Scientists say that thalidomide, a drug once commonly associated with birth defects, helps children and adolescents with Crohn’s disease.
Experts say that up to 1.2 million people in Europe and one-half million people in the United States have Crohn’s disease, an illness in which there is chronic inflammation of the digestive tract.
Around 25 percent of those with Crohn’s disease are children and teens and these cases tend to be more severe than those that develop after people have reached adulthood. In addition, it is not uncommon for children to either not tolerate treatment very well or to develop resistance to treatment. About 18 percent of all childhood cases will require the use of surgery within five year of when the disease begins.
Thalidomide is a drug which is used to treat inflammatory skin and mucous membrane diseases. It is perhaps more commonly recognized as being a drug which was associated with severe birth defects, like missing limbs, in the early 1960’s. It does, however, have other, safer applications than its previous use for nausea during pregnancy.
Marzia Lazzerini of the Institute for Maternal and Child Health in Trieste, Italy and her research team evaluated the safety and efficacy of one such use when they examined how well thalidomide could treat Crohn’s disease in children. The children studied were those with refractory disease, meaning that they had not responded to other common treatments.

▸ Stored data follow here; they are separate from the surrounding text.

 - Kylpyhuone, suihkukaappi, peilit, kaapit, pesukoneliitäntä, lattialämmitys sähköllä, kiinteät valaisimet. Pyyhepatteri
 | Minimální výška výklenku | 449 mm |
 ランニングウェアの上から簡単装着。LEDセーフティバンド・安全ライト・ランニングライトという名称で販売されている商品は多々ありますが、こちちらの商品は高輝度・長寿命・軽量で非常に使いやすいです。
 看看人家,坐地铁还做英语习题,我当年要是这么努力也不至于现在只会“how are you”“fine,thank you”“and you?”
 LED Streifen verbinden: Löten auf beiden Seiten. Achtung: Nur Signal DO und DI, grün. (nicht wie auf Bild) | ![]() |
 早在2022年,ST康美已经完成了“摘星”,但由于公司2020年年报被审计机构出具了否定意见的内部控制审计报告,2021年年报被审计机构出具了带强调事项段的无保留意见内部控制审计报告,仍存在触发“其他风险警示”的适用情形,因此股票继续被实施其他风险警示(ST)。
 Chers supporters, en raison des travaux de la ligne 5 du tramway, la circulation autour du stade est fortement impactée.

The study, which was carried out between August 2008 and September 2012, included 56 children from six pediatric care centers located in Italy. The children were randomly assigned to receive a daily dose of either the drug thalidomide or an inactive placebo for a period of eight weeks.
The researchers evaluated how well the children responded to thalidomide by calculating their Pediatric Crohn’s Disease Activity Index (PCDAI). What they were looking for was a reduction in PCDAI of greater than or equal to 25 percent or greater than or equal to 75 percent at the four and eight week points, which would be considered to be indicative of clinical remission. Those who did not respond to the placebo treatment were then placed on thalidomide treatment for another eight weeks. Any child who responded to treatment with thalidomide was provided with another 52 weeks of therapy.

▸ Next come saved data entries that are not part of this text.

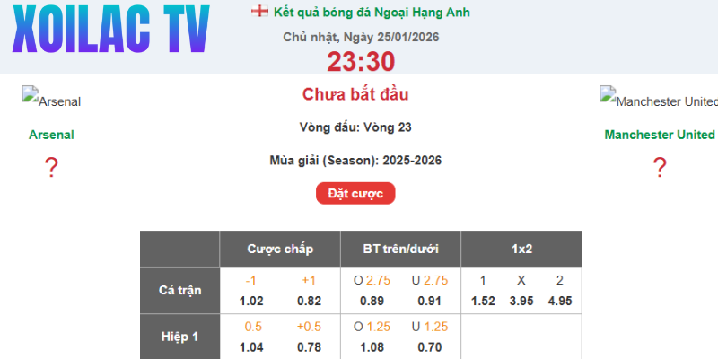 Cuộc chạm trán giữa Arsenal vs Manchester United vào lúc 23:30 ngày 25/01. Xoilac chắc chắn sẽ mang lại những cảm xúc vỡ òa cho người hâm mộ. Với lợi thế sân nhà và phong độ ổn định, Arsenal đang nắm giữ cơ hội lớn để giành trọn 3 điểm. Manchester United cần phải cải thiện rất nhiều nếu muốn rời London với một kết quả có lợi.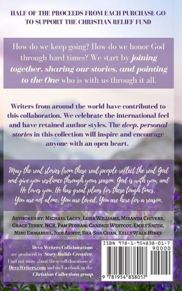 How do we keep going? How do we honor God through hard times? We start by joining together, sharing our stories, and pointing to the One who is with us through it all. Holy Resilience is another Christian Writers' Collection from over a dozen international best-selling authors. Read dozens of short daily devotions as well as some longer devotional stories. To get a quick read in the morning to start your day right, jump to the Daily Devotion section. When you have more time and want to see God's faithfulness show through someone's life story, read one of the Devotional Stories in the second half of the book. ¿This collection is formed with various authors around the world. The viewpoints of each author do not reflect those of everyone involved. We differ on some theological issues, but our goal is to come together despite those differences to share messages that challenge us to be faithful through troubled times. May the real stories from these real people reflect the real God and give you tools for to have holy resilience through every season. You are not alone ¿ You are loved ¿ You are here for a reason ¿ Let's find the way forward together Authors* include:Leisa Williams Miranda Chivers Grace Terry NCR Pam Pegram Candice Westcot Emily Smith Mimi Emmanuel Jodi Arndt Sha-Sha Chan Kelly Walk Hines Michael Lacey (with Story Builds Creative, also producer of these collaborations) *Christian writers are invited to join the next collaboration (details inside the book!). *Buy Now and get a copy to share with a friend!* Part of the proceeds go to benefit victims of the recent pandemic.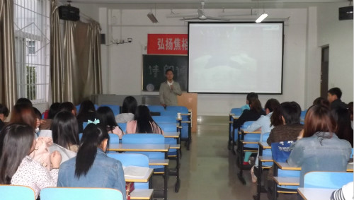 (本网讯 喻婷)为了庆祝五四青年节的到来,5月4日晚,太阳成集团tyc151cc2011级汉语言文学三班在逸夫楼101教室成功举办“诗朗诵”活动。太阳成集团tyc151cc杜昆老师与该班全体同学共同参加了此次活动。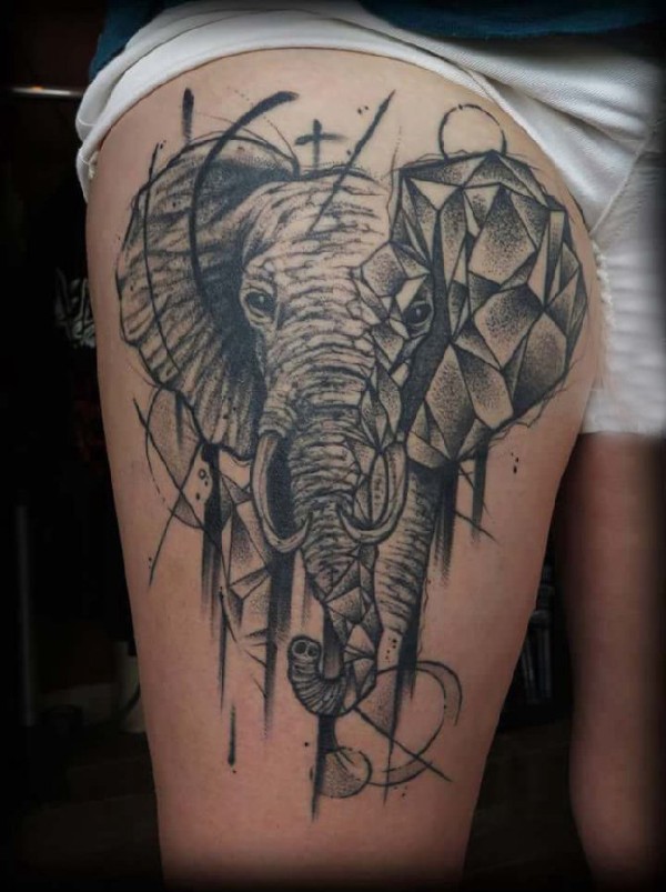 大腿纹身传统 女生大腿上黑色的大象纹身图片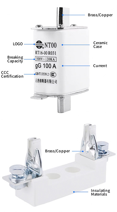 Porte-fusible à lame en céramique basse tension personnalisé NT00 AC 160A 500/690V, haute rupture

The team found that more of the children treated with thalidomide were able to achieve remission than those who received placebo (46.4 percent versus 11.5 percent). Although there was no difference in response rates at four weeks of treatment, the thalidomide group did better at eight weeks. Out of the placebo group who went on to receive thalidomide, 52.4 percent achieved remission of symptoms at eight weeks. Overall, 63.3 percent of those treated with thalidomide achieved remission of symptoms while 65.3 percent achieved at least a 75 percent response to the treatment.
The remission of the thalidomide-treated children’s symptoms lasted on average 181 weeks, compared to only 6.3 weeks for those who received an inactive placebo.
The results of the study appear in the November 27, 2013 issue of JAMA.